THE strength of hard drawn copper wire is a question of considerable importance to both manufacturer and consumer. Unlike steel and alloy wires, in which strength is governed by both chemical and physical considerations, the high conductivity required for copper wire in the electrical industry generally precludes the possibility of obtaining tensile strength through the use of alloys. Consequently, this strength is largely a matter of the physical structure, and all factors known to affect this structure, such as rolling temperature, die contours, lubricants, drawing speeds, etc., are matters of prime importance. The experiments described here have been carried out during the past year at the Baltimore plant of the American Smelting & Refining Co., in connection with a general investigation of some of the questions mentioned above, with the object of studying the physical structure of hard drawn copper wire and the influence of certain factors on that structure. The work has been of an exploratory nature, rather than comprehensive, but it was thought that the results might prove of sufficient general interest to warrant their publication. The bulk of the hard drawn copper wire used in places where strength is an important factor is manufactured to strict specification, based usually in the United States on that of the American Society for Testing Materials (B-1-23). This specification calls for almost as high a value of tensile strength, consistent with elongation, as it is possible practically to obtain, and only physically perfect material can be relied on to meet such a specification.
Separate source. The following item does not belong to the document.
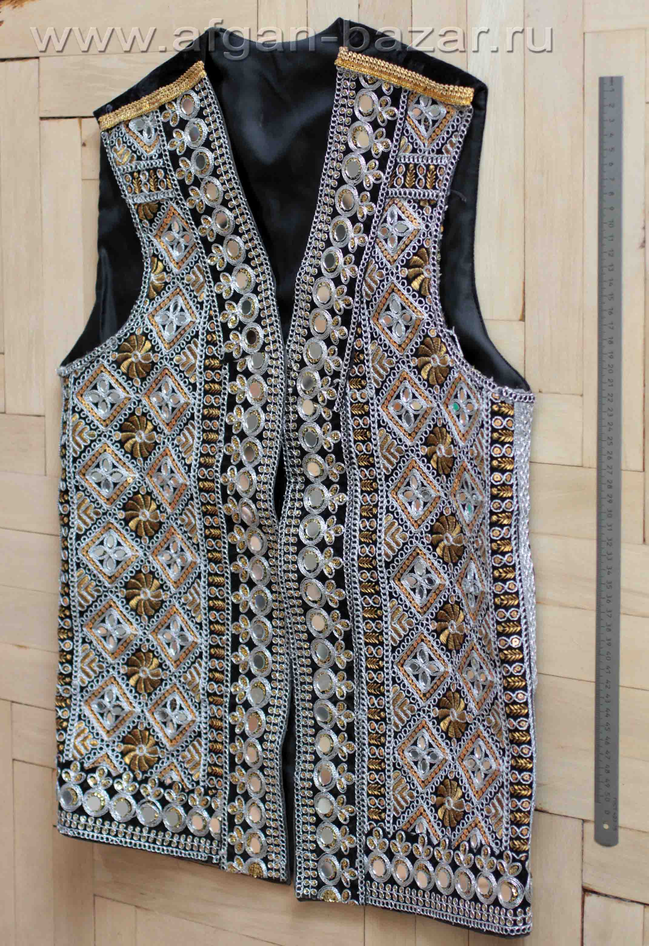 Афганская бархатная жилетка Маскат, расшитая люстром и зеркальцами-шиша.

Obvious defects, such as laminations produced through fins in the original rods or brittleness due to overdrawing, are usually recognized and need only passing reference. Laminations can be detected by twisting and untwisting the wire several times; they will show up on the surface in the form of fins. Fig. 1 shows a very bad example of this defect. The wire may be perfectly smooth before twisting but when such laminations are present they will readily show up under this treatment. This trouble is caused by similar defects in the original rod produced by overfills in rolling. Fig. 2 shows the cross-section of the rod from which the wire in Fig. 1 was drawn.